Dinamismo, Movimiento, Pánico

La diferencia principal entre el Arsenal de 03/04 y el equipo actual es la velocidad de su jugada. Las tendencias de hoy se interesan en emular el estilo de fútbol de Barcelona y España, que se basa en la posesión, agotando al otro equipo de la misma manera que lo hace un boxeador con golpes rápidos y oportunos. La teoría (muy lógica) es que el oponente no puede hacerte daño si no tiene la pelota. Ya hace muchos años que los periodistas describen a Arsenal como un tipo de ‘Barcelona-lite’; juega del mismo modo, pero le falta la chispa (o sea, un jugador como Lionel Messi) que su hermano español posee. Aunque, a veces, la jugada de Arsenal puede ser intrincada, deslumbrante y mortífera, hay otros momentos cuando parece monótono y totalmente desprovisto de ideas.

Arsenal 03/04 jugó un estilo de fútbol totalmente diferente. Aunque apreció la posesión, no fue el aspecto definitivo de su juego. En cambio, este equipo incomparable dio más importancia a la velocidad, el movimiento, el contraataque y corriendo con la pelota. Driblando a toda velocidad fue uno de los fuertes más grandes de este equipo. Con Henry, Pirès, Ljungberg y Bergkamp, Arsenal tuvo cuatro jugadores ofensivos capaces de infundir miedo a cualquier defensa. No hay nada que da más miedo a un defensor que la idea de defender, a toda velocidad, contra un jugador que sabe driblar magníficamente, sabiendo perfectamente que sus compañeros también están en proceso de llegar para ofrecerle más opciones.
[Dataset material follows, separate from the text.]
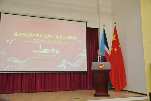 蒙代代表南总统基尔祝贺新中国成立75周年,盛赞中国发展成就和中非合作、南中关系发展成果,重申南恪守一个中国政策、坚定支持三大全球倡议和共建人类命运共同体理念。招待会气氛热烈友好。

Es más, ese Arsenal no tuvo miedo del pase largo directo. De hecho, muchos de sus goles se originaron gracias a un pase largo directo. Uno sólo tiene que admirar la simplicidad de este gol ante Liverpool. Los Gunners actuales parecen estar poco dispuestos – a veces incapaces – a jugar a patadón. Hoy en día se ve como una táctica utilizada sólo por los equipos con menos capacidad técnica. Sin embargo, si tuvieras un jugador con la visión y habilidad de Dennis Bergkamp y le dijeras que, en vez de lanzar un pase largo directo perfectamente balanceado a Henry para darle la oportunidad de estar en un enfrentamiento uno a uno con el portero, debería pasar la pelota 5 metros al lado para que el equipo no pierda posesión, bueno, esto sería un poquito estúpido, ¿no? El pase largo directo, a los pies de un jugador dotado, es un arma increíble. La pelota siempre viaja más rápido que el hombre.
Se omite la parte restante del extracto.